Let me also recommend a patient and attentive reading of Beati Immaculata — the long Psalm CXVIII — for some context on divine law, natural law, and ultimately civil law. It is an “ABC” on these matters, following the twenty-two letters of the Hebrew alphabet, and may be mastered through diligent prayer. (Our monks would break it down into eleven successive pairs of the eight-verse stanzas, to pray it carefully.)

And then, the remarkable encyclical of Pope Leo XIII on human liberty, Libertas (1879, here), which I don’t think has dated as an explanation of why the Church can make no truce with modernism. The modern man thinks he has a “right” to the manipulation of his own conscience. But our ability to err is not a right to err, and the perfect liberty which Christ bestows is freedom from the tyranny of sin and error. This liberty is ancient, indeed immortal, and can never be revised or “reformed.” On the contrary, the modern project to extend liberty — to discover and to legislate new liberties — is, “to tell the plain truth, of a vitiated kind, the fruit of the disorders of the age, and of an insatiate longing after novelties.”

“Insatiate.” There is no compromise to be had with the “reform” faction.

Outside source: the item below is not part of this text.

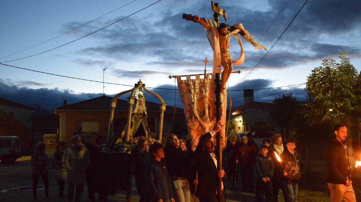 La jornada ha comenzado a primera hora de la mañana con el traslado de las imágenes titulares desde la ermita del Pradillo hasta la parroquia de la Sagrada Familia, en un recorrido que ha culminado a las 10,45 horas, cuando ante el templo han aparecido, frente a frente, las tallas del Santísimo Cristo del Resucitado y de Nuestra Señora del Buen Suceso.

Like the Islamists we have been dealing with, in another theatre, they will take each concession as a proof of weakness, and immediately press for more. It is suicidal foolishness to believe that one may negotiate with a serpent.

Set before me for a law the way of thy justifications, O Lord: and I will always seek after it. Give me understanding, and I will search thy law; and I will keep it with my whole heart. Lead me into the path of thy commandments.